Data START
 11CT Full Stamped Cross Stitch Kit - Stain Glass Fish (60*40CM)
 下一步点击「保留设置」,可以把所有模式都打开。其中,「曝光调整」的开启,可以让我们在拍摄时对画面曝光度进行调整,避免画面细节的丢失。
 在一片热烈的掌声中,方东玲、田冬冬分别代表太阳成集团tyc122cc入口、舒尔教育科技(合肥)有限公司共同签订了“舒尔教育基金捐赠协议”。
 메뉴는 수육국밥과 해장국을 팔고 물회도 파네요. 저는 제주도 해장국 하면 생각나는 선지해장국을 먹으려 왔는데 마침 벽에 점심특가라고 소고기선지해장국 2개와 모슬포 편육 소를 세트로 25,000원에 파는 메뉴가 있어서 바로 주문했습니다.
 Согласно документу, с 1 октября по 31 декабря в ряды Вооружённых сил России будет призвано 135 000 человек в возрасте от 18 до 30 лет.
Data END
Data START
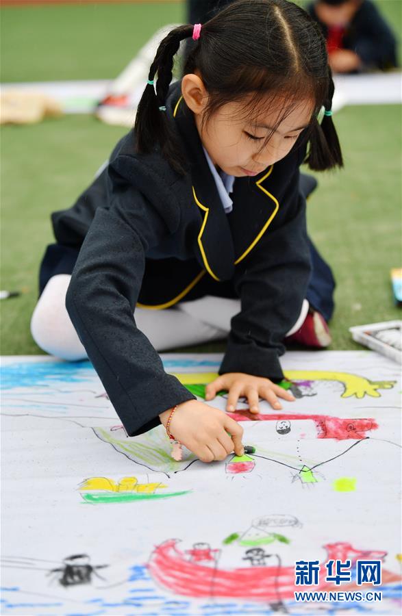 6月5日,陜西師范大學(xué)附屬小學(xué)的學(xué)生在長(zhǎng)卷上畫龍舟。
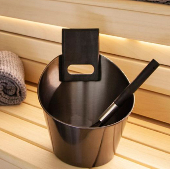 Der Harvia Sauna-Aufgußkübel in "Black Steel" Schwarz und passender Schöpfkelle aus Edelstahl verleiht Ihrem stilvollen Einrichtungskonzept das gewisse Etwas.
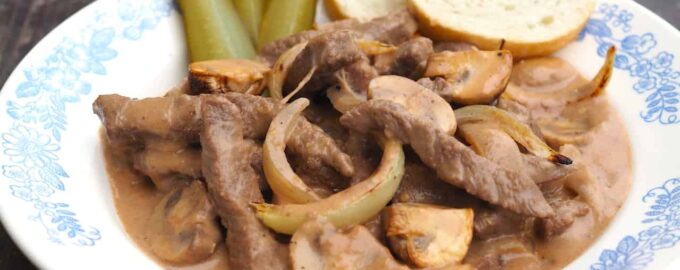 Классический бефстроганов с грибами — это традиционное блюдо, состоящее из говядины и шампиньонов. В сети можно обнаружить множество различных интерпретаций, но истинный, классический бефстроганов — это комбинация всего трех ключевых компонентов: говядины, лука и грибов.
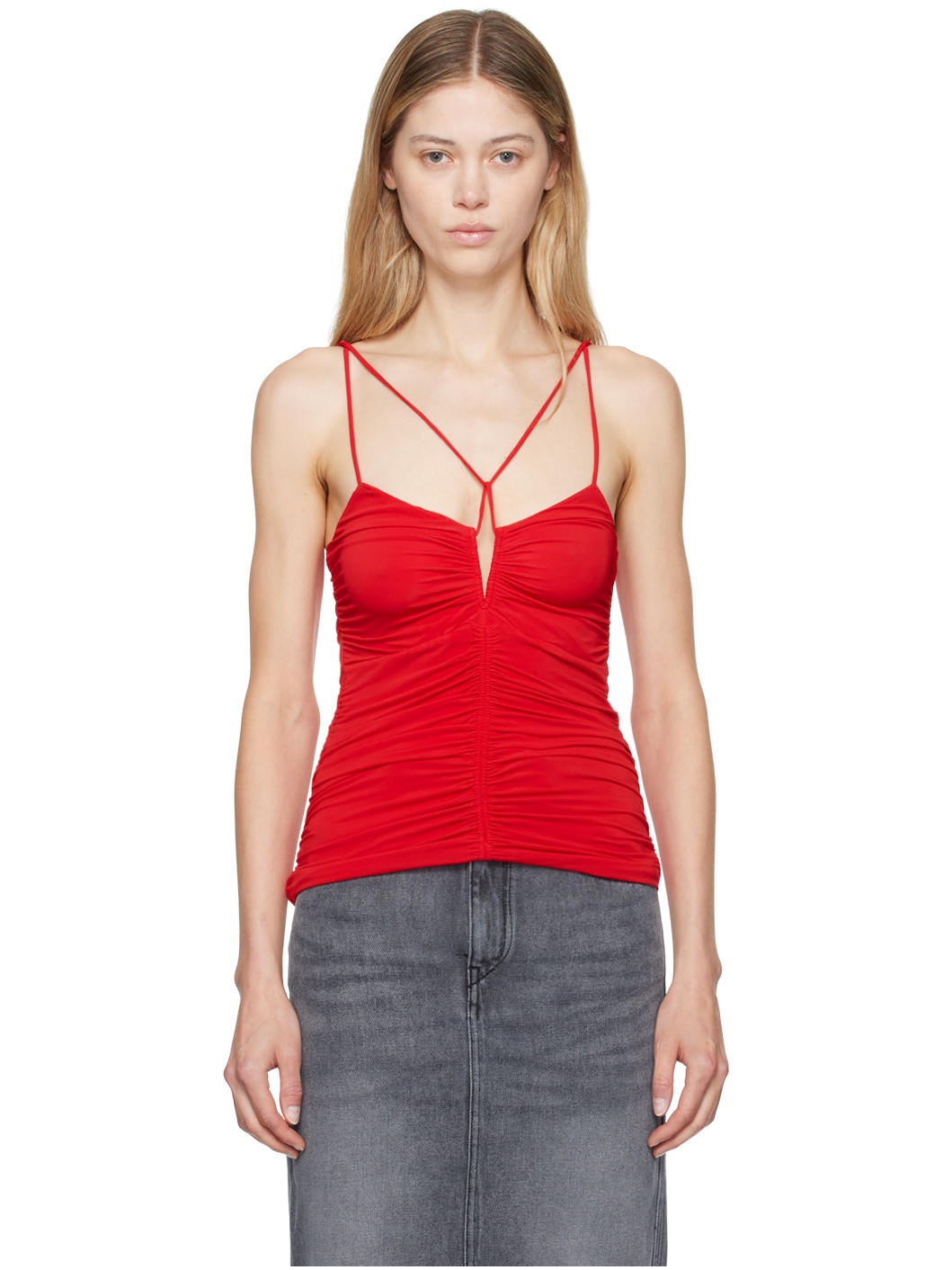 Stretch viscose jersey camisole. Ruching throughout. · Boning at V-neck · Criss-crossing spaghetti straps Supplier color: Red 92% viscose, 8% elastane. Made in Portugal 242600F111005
Data END
Data START
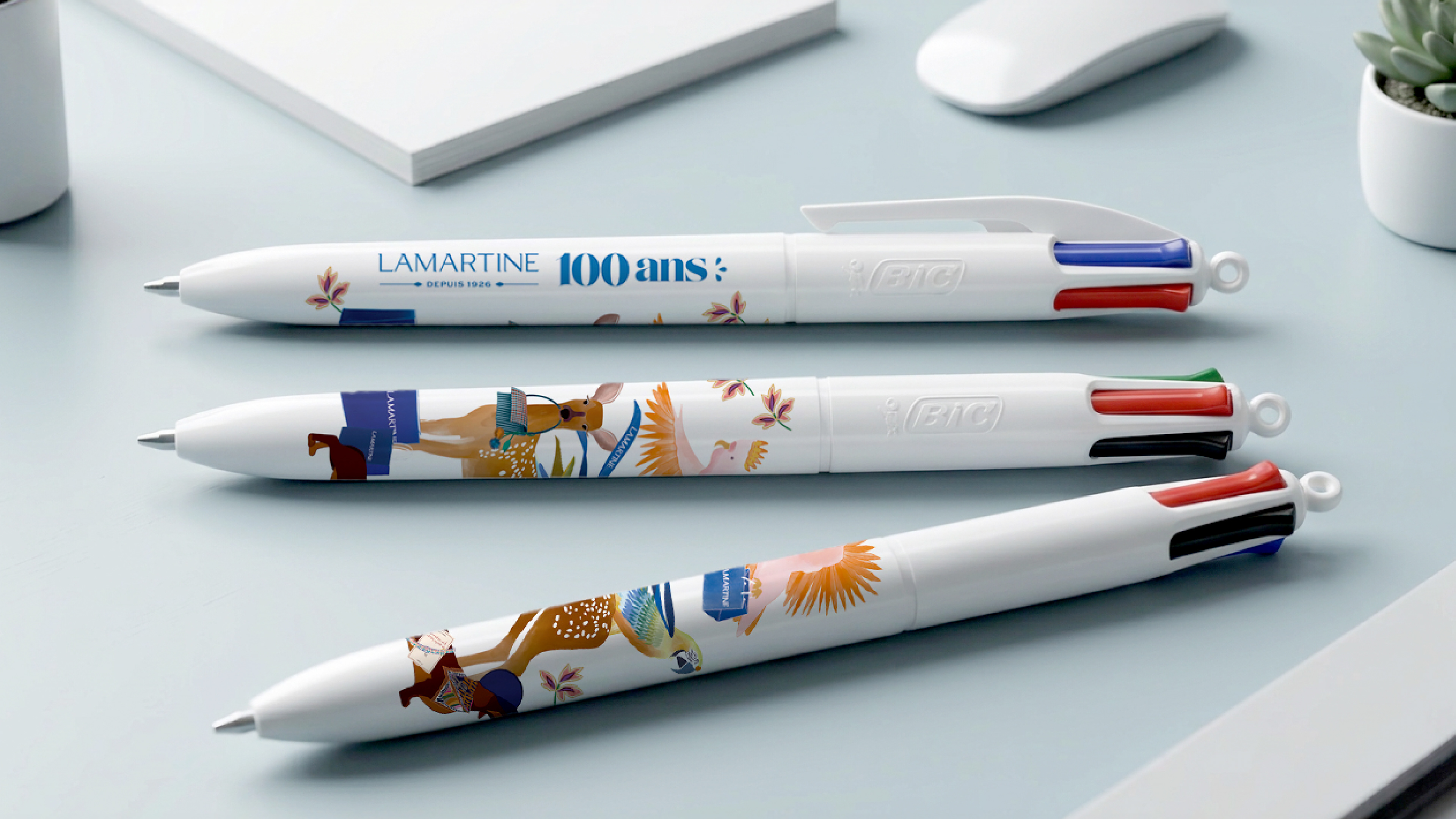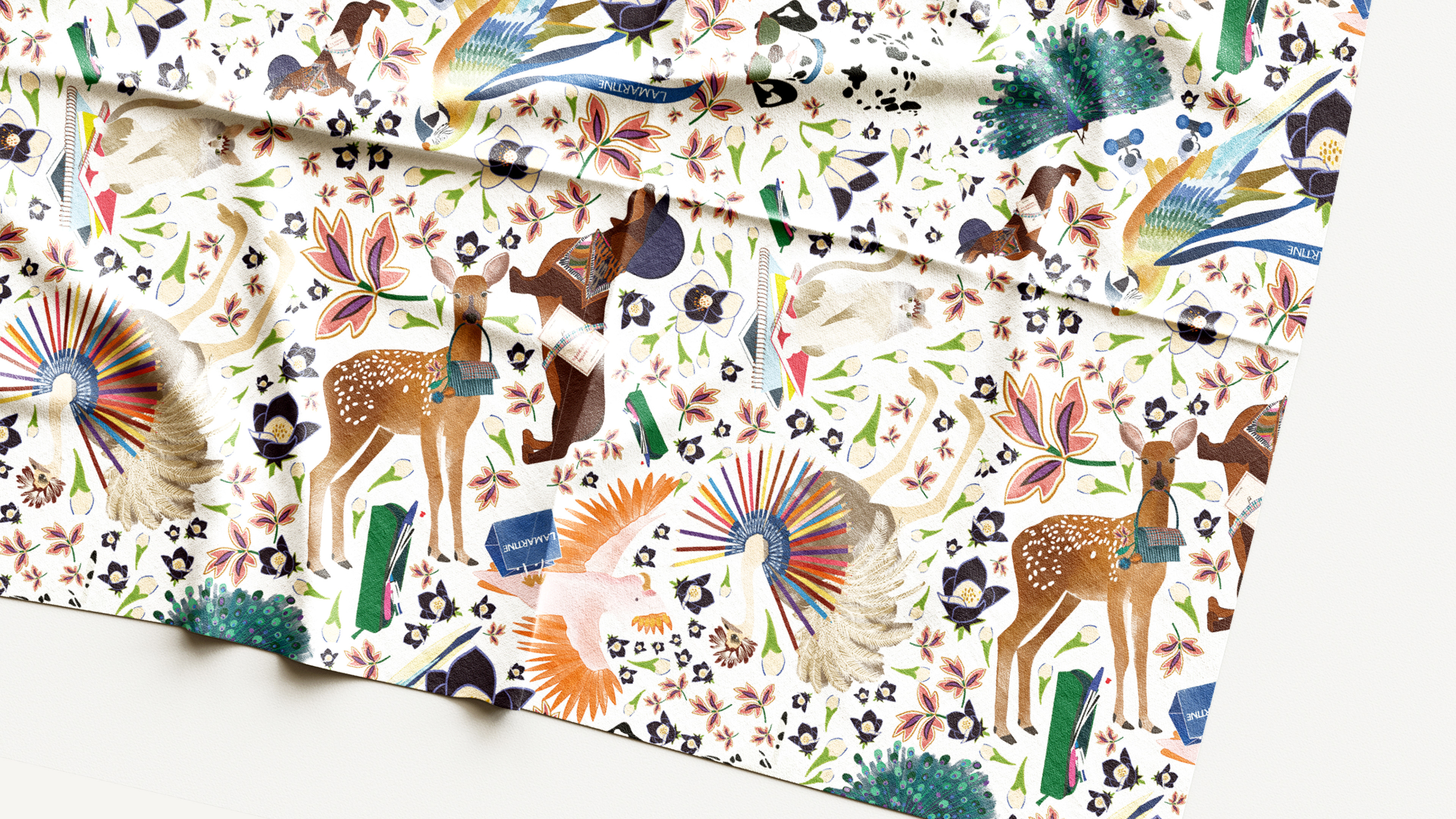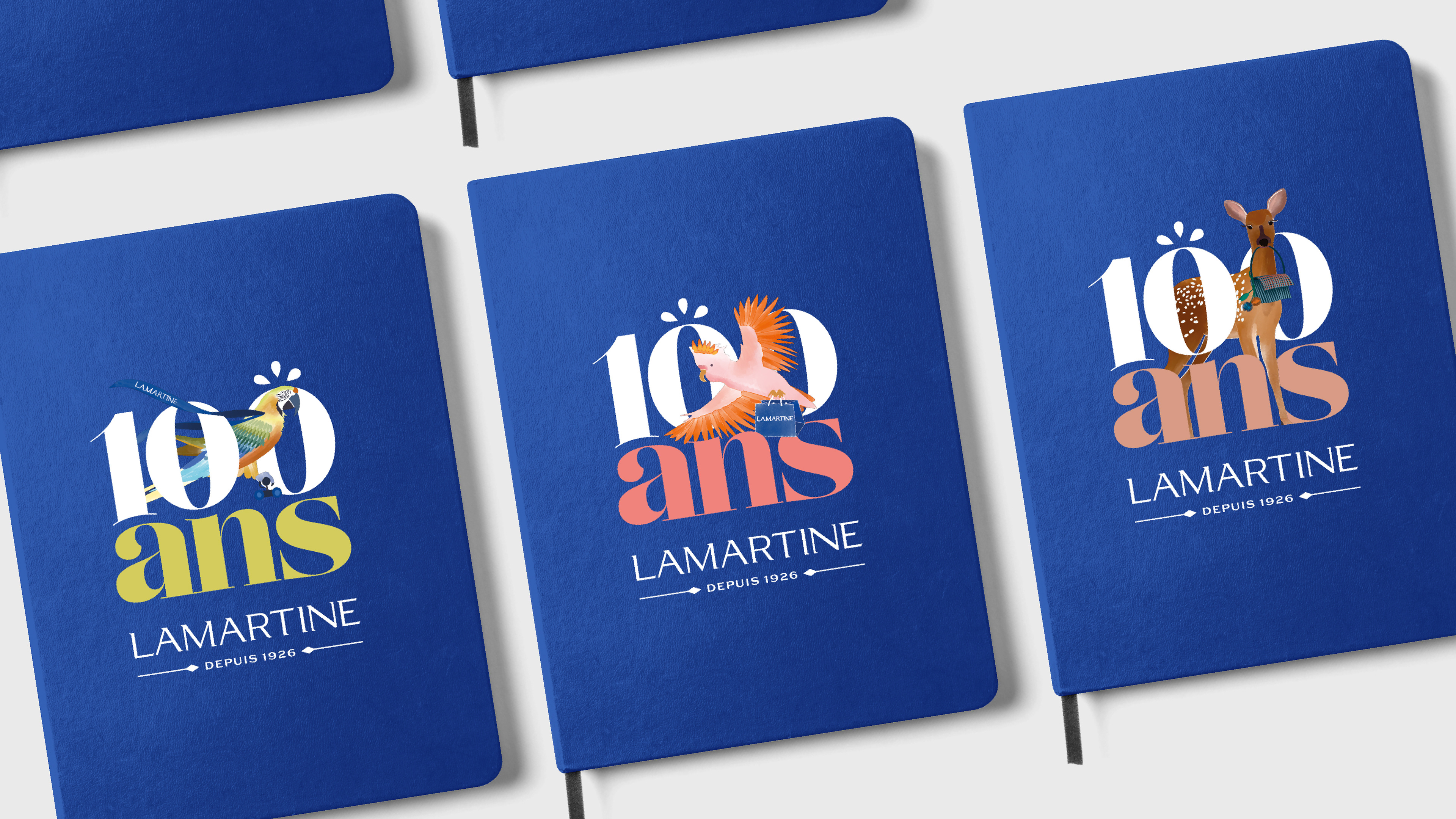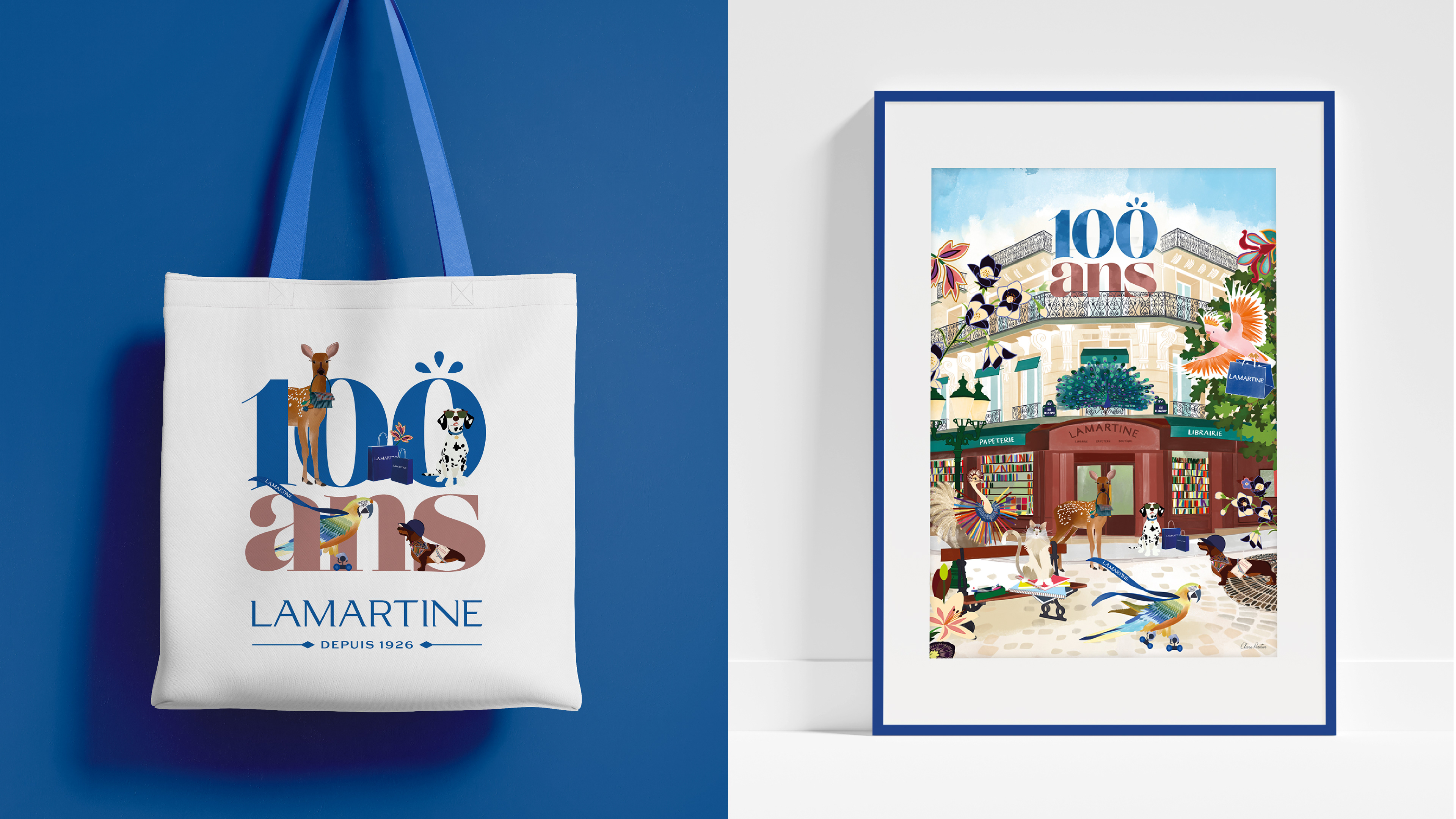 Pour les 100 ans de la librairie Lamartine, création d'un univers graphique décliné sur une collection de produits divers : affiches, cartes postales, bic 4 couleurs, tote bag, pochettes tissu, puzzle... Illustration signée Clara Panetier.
Data END
#### [Description of the task]
Beginning at the line above with "11CT Full Stamped Cross" and finishing at the line with "Согласно документу, с", return each line exactly and return nothing else.

#### [Reply to the task]
 11CT Full Stamped Cross Stitch Kit - Stain Glass Fish (60*40CM)
 下一步点击「保留设置」,可以把所有模式都打开。其中,「曝光调整」的开启,可以让我们在拍摄时对画面曝光度进行调整,避免画面细节的丢失。
 在一片热烈的掌声中,方东玲、田冬冬分别代表太阳成集团tyc122cc入口、舒尔教育科技(合肥)有限公司共同签订了“舒尔教育基金捐赠协议”。
 메뉴는 수육국밥과 해장국을 팔고 물회도 파네요. 저는 제주도 해장국 하면 생각나는 선지해장국을 먹으려 왔는데 마침 벽에 점심특가라고 소고기선지해장국 2개와 모슬포 편육 소를 세트로 25,000원에 파는 메뉴가 있어서 바로 주문했습니다.
 Согласно документу, с 1 октября по 31 декабря в ряды Вооружённых сил России будет призвано 135 000 человек в возрасте от 18 до 30 лет.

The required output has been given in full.